Entonces ocurrió un milagro (de
Navidad) Un buen día, me puse a buscar un archivo de Word y, de pronto, por
pura casualidad, encontré otro llamado “El cerebro del profesor Vázquez”. ¿Qué
demonios era eso? No tenía ni zorra idea. Lo abrí y comencé a leerlo. Era un
cuento. Mío. Poco a poco, comencé a recordar cuándo y por qué escribí ese
relato, aunque ni siquiera me acordaba de cómo acababa. Al terminar la lectura,
los cielos se abrieron, sonó una música angélica y un rayo de luz divina
incidió sobre mí. ¡Ahí lo tenía! Con unos poquitos arreglos, ese cuento de puro
buen rollo era el relato de Navidad que estaba buscando. ¡¡Aleluya!!

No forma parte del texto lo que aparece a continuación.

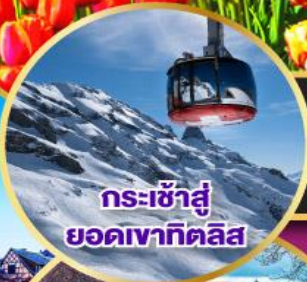
กระเช้าสู่ยอดเขาทิคิลิส

19-28 มี.ค.68 / 01-10, 12-21, 14-23 เม.ย.68 03-12, 04-13, 05-14 พ.ค.68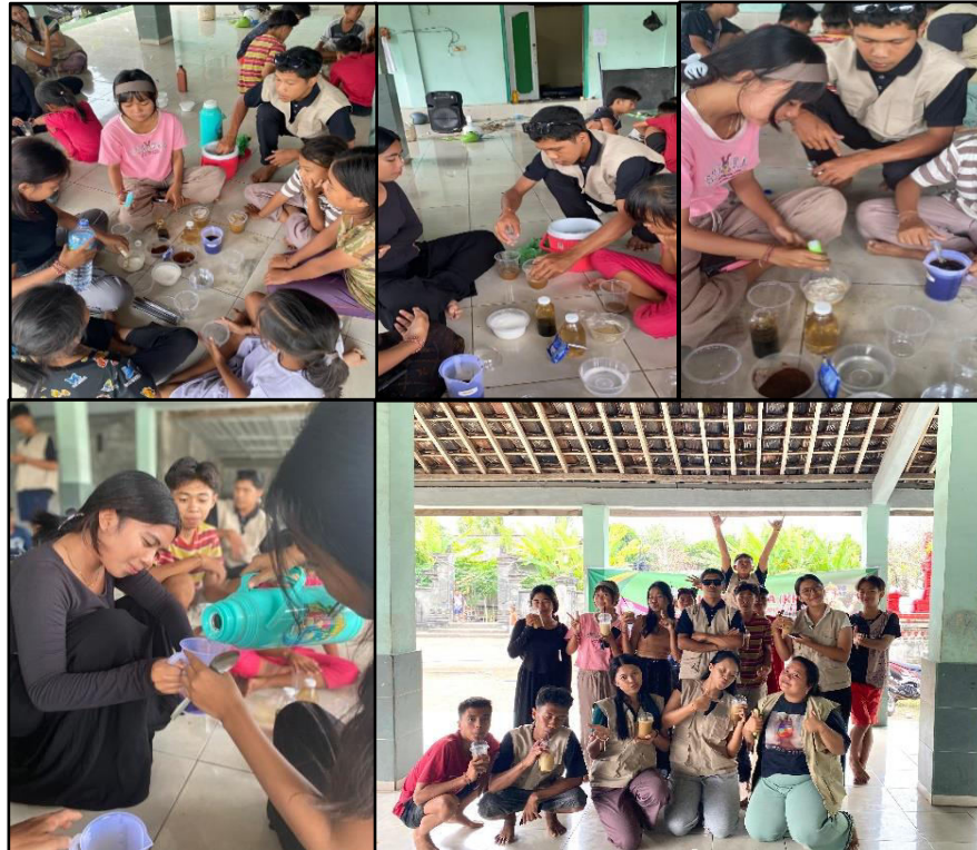
Gambar 3. Praktek Pembuatan dan Finishing .

Pada tahap praktik pembuatan, remaja Karang Anyar dibimbing untuk langsung mencoba meracik es susu gula aren sesuai materi yang telah diberikan, dimulai dari pemilihan bahan berkualitas, penakaran gula aren dan susu yang tepat, hingga teknik penyajian yang menarik agar memiliki daya tarik jual. Kegiatan ini tidak hanya melatih keterampilan teknis, tetapi juga menumbuhkan rasa percaya diri dalam menghasilkan produk yang bernilai ekonomi. Selanjutnya, kegiatan ditutup dengan finishing (penutup) berupa refleksi dan evaluasi bersama, dimana peserta menyampaikan pengalaman serta kesan selama mengikuti pelatihan, sementara penulis menekankan bahwa keterampilan yang diperoleh diharapkan mampu menjadi alternatif kegiatan positif sekaligus peluang usaha, sehingga remaja Karang Anyar dapat teralihkan dari aktivitas negatif, seperti mabuk-mabukan dan perjudian menuju kegiatan kreatif dan produktif yang bermanfaat bagi diri sendiri maupun lingkungan sekitarnya.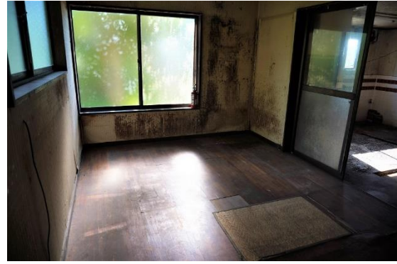
洋室 (6 畳)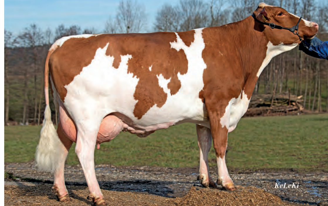
Die Mutter: Hurlys-Tochter Sidney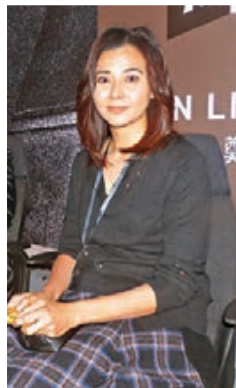
離巢五年，蒙嘉慧對復出拍劇極之重視。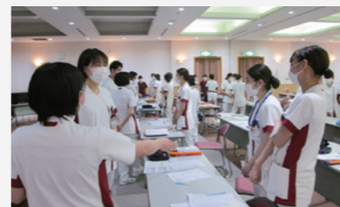
安全衛生(メンタルヘルス)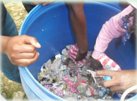
Protocole expérimental de tri des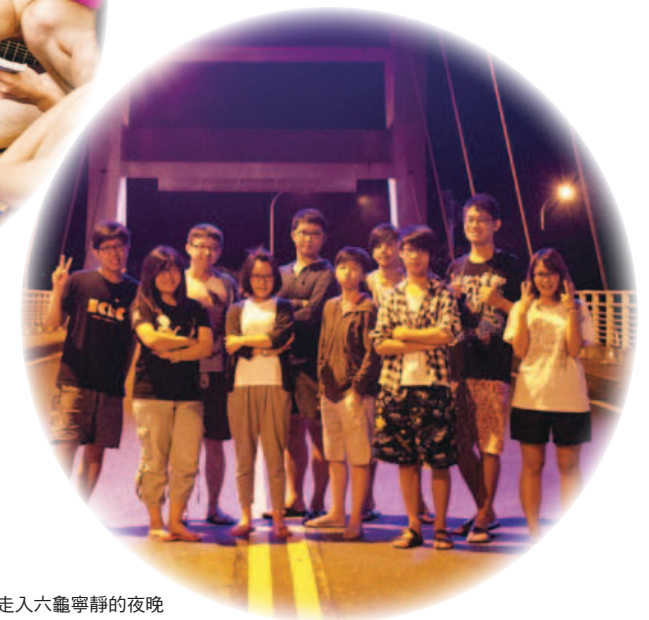
與青年走入六龜寧靜的夜晚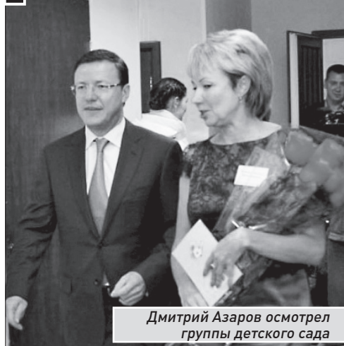
Дмитрий Азаров осматривает группу детского сада

- Детский сад замечательный. Это хороший пример системного сотрудничества бизнеса и власти, - отметил Дмитрий Азаров . - Мы со своей стороны выделяем средства из городского бюджета на каждого ребенка, посещающего билдинг-сады, в том же объеме, что и на детей из муниципальных дошкольных учреждений. В этом году благодаря развитию этого проекта мы планируем открыть более тысячи дополнительных мест для самарских детей.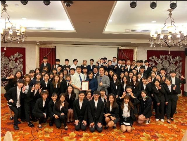
期末成果發表大合照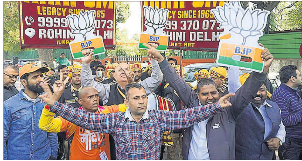
ଦିଲ୍ଲୀ ନିର୍ବାଚନରେ ଭାଜପା ବିଜୟ ପରେ ଦଳୀୟ କର୍ମୀମାନେ ଉତ୍ସବ ମନାଉଛନ୍ତି ।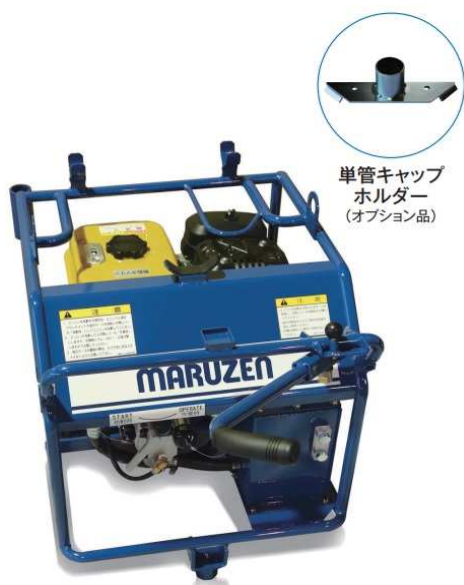
単管キャップホルダー (オプション品)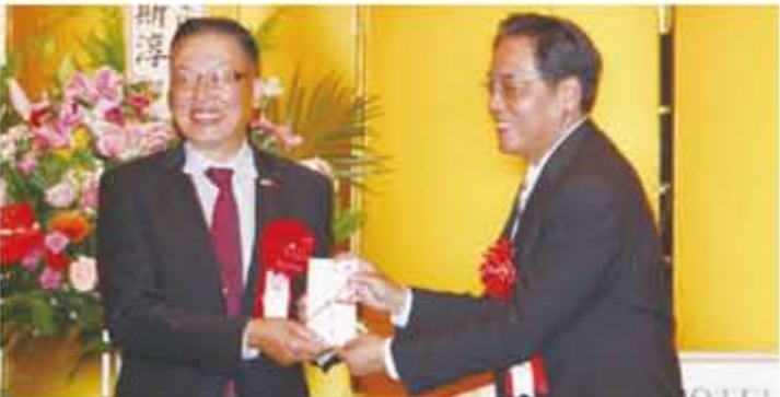
鄭會長贈前賴會長紀念品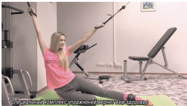
Специальный комплекс упражнений вернет вам здоровье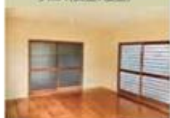
西川材のクロス 食堂と寝室には、「西川材ひとつぼ茶室」でも使用されている西川材のクロスが使われています。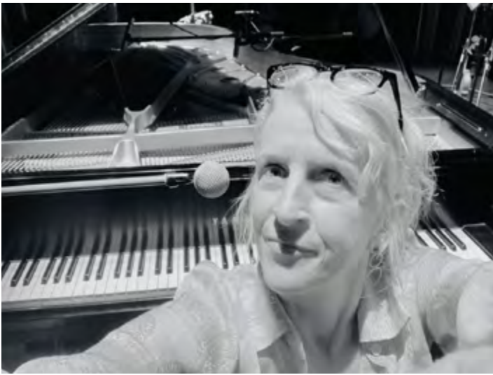
SPECTACLE EN QUARTET AU MONUMENT LEFEBVRE, NOV 2025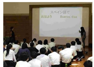
パオラさんのお話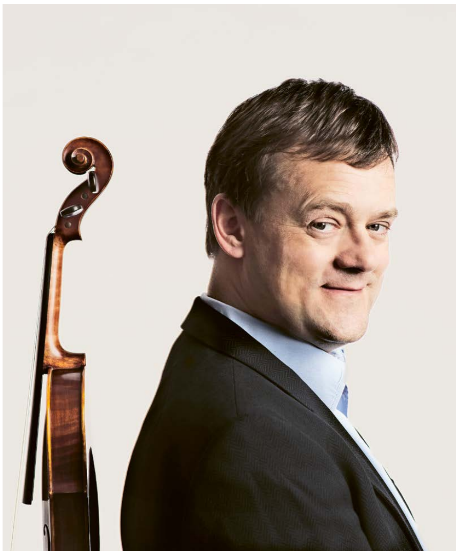
Frank Peter Zimmermann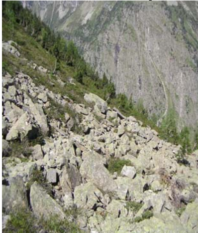
Clairière gros éboulis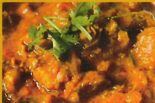
LAMB MASALA ラムマサラ ¥ 1250 マイルドな味のカレー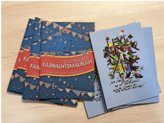
Narrenzittig und Fasnachtsmalbuch

Dieses einzigartige Stückchen Fasnacht kann zum Preis von 3,33 € - die meischde gän vier! - erworben werden.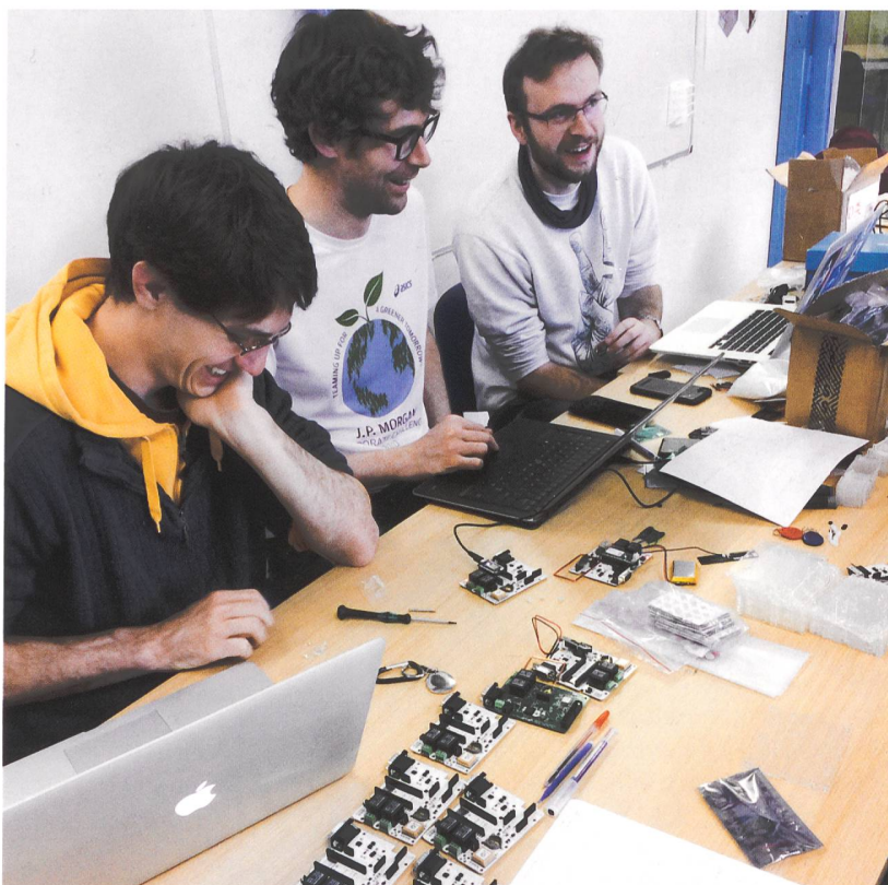
Le groupe des initiateurs du projet Comobilis.org en plein travail!

En Romandie, cinq immeubles existent sans ou avec très peu de voitures: situés dans les quartiers de Cressy, Soubeyran et Vergers, à Genève, ils ont été inaugurés en 2011, 2017 et 2018, et disposent de quelques places de parc pour l'autopartage. Vous avez dit «autopartage»? Tout a commencé dès les premières discussions entre les futurs coopérateurs-locataires de la coopérative Equilibre pour définir le premier projet immobilier à Cressy. La plupart d'entre eux n'avaient pas de voiture privée et ceux qui en avaient une étaient prêts à s'en séparer. Il a donc été décidé que les contrats de bail de la coopérative Equilibre incluraient une clause de renonciation à la voiture privée. Avec l'attribution de l'appartement, les coopérateurs s'engagent à abandonner leur voiture privée. Mais que faire pour tout de même disposer d'une voiture en cas de besoin (pour se rendre dans un endroit difficile d'accès en transports publics, ou pour un week-end ou une semaine de vacances avec les enfants)? Une idée a alors germé: pourquoi la coopérative ne dispose-

No es un cuento inédito, ya ha sido
publicado en una antología. Pero se trataba de una edición restringida, hoy
inencontrable, a la que no todo el mundo tenía acceso. Así que no es inédito,
pero casi.
El caso es que aquí estoy un año más, sentado
en mi despacho la mañana del 24 de diciembre, escribiendo esto. Mi hijo
“pequeño”, Pablo, ha vuelto de Barcelona para pasar las fiestas en casa. Óscar,
el primogénito, ha pillado la covid y no podrá venir a cenar. Mecachis... Está bien,
casi sin síntomas, pero tiene que guardar cuarentena. Esta noche le llevaremos
la cena a su casa y luego contactaremos por Zoom.
En fin, queridos merodeadores, un
año más os deseo que paséis unas maravillosas fiestas. Feliz Solsticio, feliz
Yule, feliz Sol Invictus, feliz Navidad. Y un año nuevo cargado de venturas,
con mucho amor, mucha comida rica, muchos viajes, mucha amistad y muchos
libros, cómics y películas. ¡Un gran abrazo!
Y ahora os dejo con el tradicional cuento de Navidad. Se llama El cerebro del profesor Vázquez y comienza así:
El día en que la muerte vino a visitarle, Julián Vázquez estaba paseando por su antiguo barrio; no el de su infancia, sino el barrio donde estaba el instituto en el que había impartido clases durante más de cuarenta años. Solía hacerlo, al menos una vez a la semana, desde que se jubiló; se levantaba temprano, se despedía de su mujer con un beso, cogía el autobús y se dirigía al viejo barrio. Una vez allí, desayunaba en el bar de Braulio, el establecimiento en el que había desayunado durante cuarenta y un años, café con leche y porras, las mejores de la ciudad. Braulio ya no estaba, se había jubilado, como él; ahora el establecimiento lo llevaba un sobrino suyo, pero las porras seguían siendo las mismas. Esa era una de las pocas cosas que aún perduraban en un mundo cada vez más cambiante, pensaba Julián (...)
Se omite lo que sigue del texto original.